Many artists have benefited from developing their work at 2g including Julia Cho (2010 winner of the Susan Smith Blackburn Prize), Lloyd Suh (NEA/Arena Stage New Play Development Project, the Jerome Foundation, South Coast Repertory, Theatre Communications Group, NY Foundation of the Arts, and the New York State Council on the Arts), Michael Golamco (2010 Helen Merrill Award for Playwriting), Michi Barall (John Golden Incentive grant), and A. Rey Pamatmat (2010-11 Princess Grace Award, 2011-12 PONY Fellowship, and the 2012-13 Hodder Fellowship at Princeton).

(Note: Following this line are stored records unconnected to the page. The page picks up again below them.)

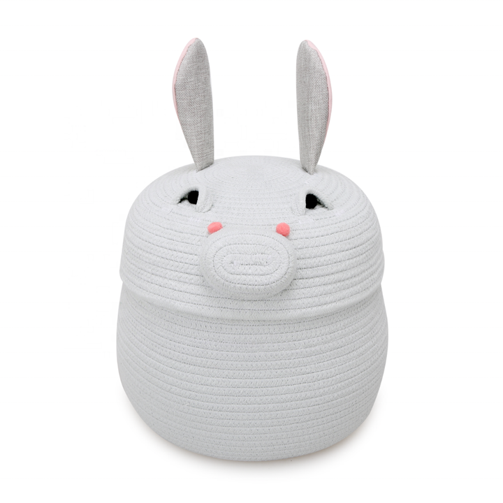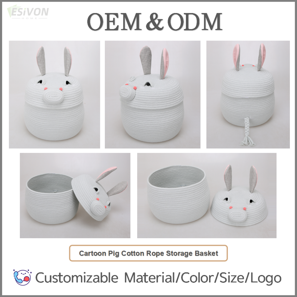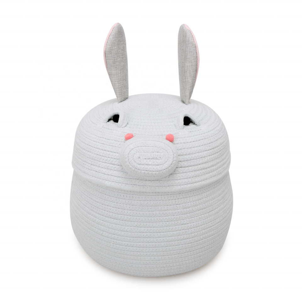 Cesta de Almacenamiento de Cuerda de Algodón con Tapa, Diseño de Conejo y Cerdo de Dibujos Animados, Multifuncional y Sostenible para Habitación Infantil, Guardería, Almacenamiento de Juguetes, Regalo Personalizado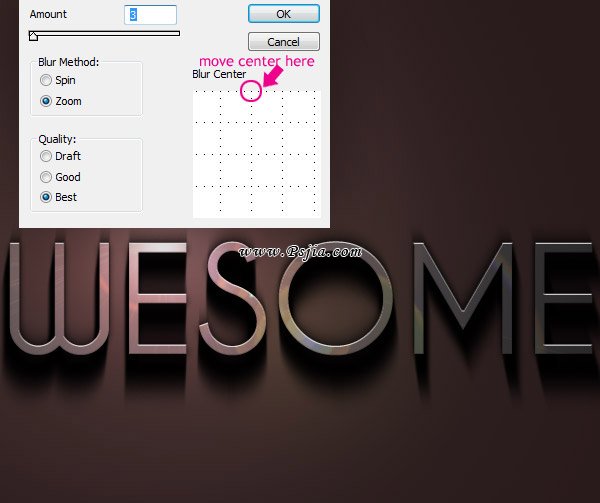添加模糊,使用滤镜>模糊>径向模糊,将模糊中心移动到顶端中心。数量:3;模糊方法:缩放;质量:最好。(图11)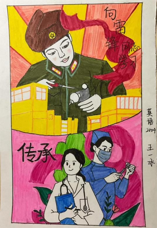 本次线上活动面向全院各班级和学生组织开展,共征集36份绘画作品。在本次活动中,同学们将自己对雷锋叔叔的赞扬,对妇女的尊重,对老人的敬爱经过画笔的渲染,落在纸张上,用自己的心血滋润每一个作品,也让更多的人了解许多未曾见闻的故事。经过评委讨论筛选,比赛评出一等奖1名,二等奖2名,三等奖3名。同时,此次活动的获奖作品于走廊处展览,供同学和老师们欣赏。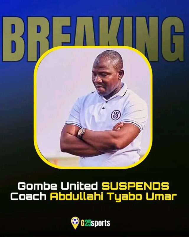 Gombe United have suspended their Technical Adviser, Abdullahi Tyabo Umar, indefinitely following the club’s underwhelming start to the 2025/26 Nigeria National League (NNL) season.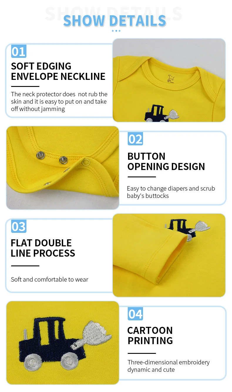 4個単位で販売されており、各バッチは配送に便利なように丁寧に梱包されています。カジュアルなスタイルをお探しの方にも、エキサイティングなアップデートをお探しの方にも、 卸売カスタマイズされた男の子用ジャンプスーツ すべて揃っています。今すぐお問い合わせいただき、ご注文をカスタマイズして、赤ちゃんに欠かせない必需品を揃えましょう。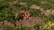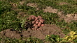 Zoom in to a pile of potatoes in a field. - HD 映像素材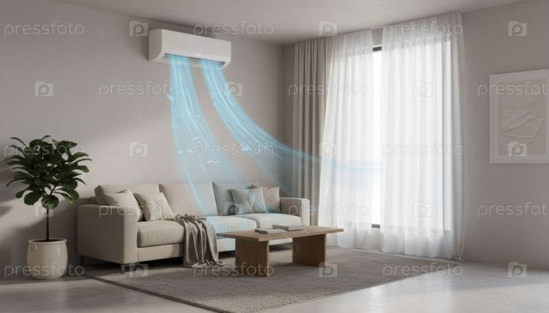 Современная гостиная с кондиционером, распространяющая свежий воздух по пространству, символизирует комфорт, чистую энергию и важность внутреннего контроля климата в повседневной жизни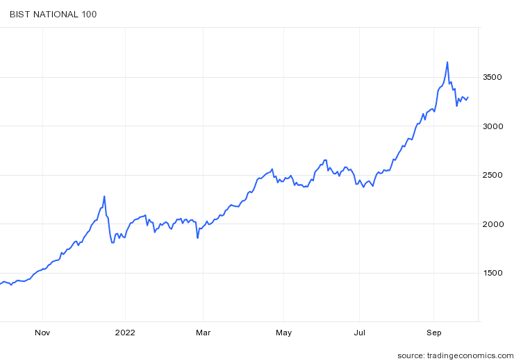 Co je s podivem, tak index turecké burzy roste i přes tak silnou inflaci. Důvodem je fenomén, který se nazývá útěk před hotovostí. Právě v době vysoké inflace se vám absolutně nevyplatí držet hotovost. V tom případě roste poptávka po všech finančních aktivech od akcií přes zlato po kryptoměny. Vše je lepší než hotovost.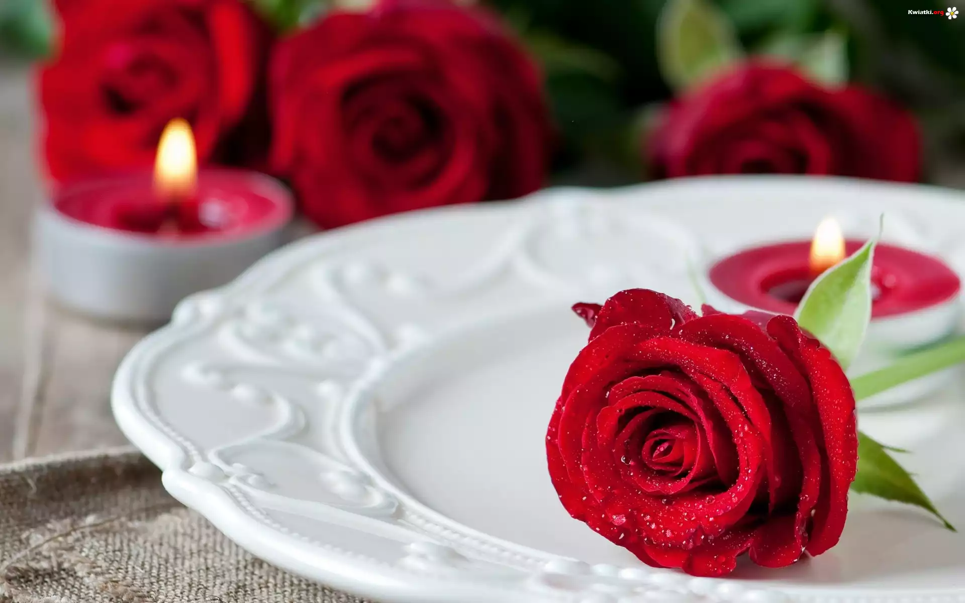 Kwiat Czerwone, Róże, Świece, Walentynki, Kompozycja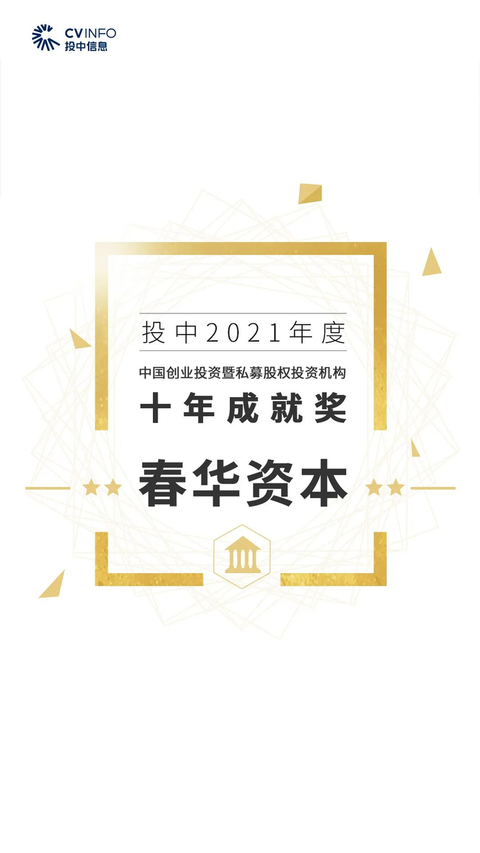 “投中2021年度中国创业投资暨私募股权投资机构十年成就奖”奖项由春华资本、招商资本、钟鼎资本获得;

All of these writers have participated in our In the Works (ITW) reading series and have gone on to have their work produced in commercial and not-for-profit theatre companies. Julia Cho's Round and Round, started as a short play in 2008's ITW and grew to a full-length called The Language Archive and produced at South Coast Repertory and the Roundabout Theater (NY). Michi Barall's Iph/Then, also a 2008 ITW play, had production with Ma-Yi Theater Company under its new title, Rescue Me. Michael Golamco's Heartbreaker also presented in 2008's ITW was developed into the full length play Year Zero at Victory Gardens (2009) and Second Stage Theater (2010). Lloyd Suh's American Hwangap received its first workshop jointly by 2g and the Lark Theater in 2006 and was later produced by Magic Theater, Ma-Yi Theater and The Play Company, and Denver Center in 2009. Finally, A. Rey Pamatmat had the world premiere of Thunder Above, Deeps Below with 2g in 2009 and has since had regional productions. It was recently published thru Samuel French.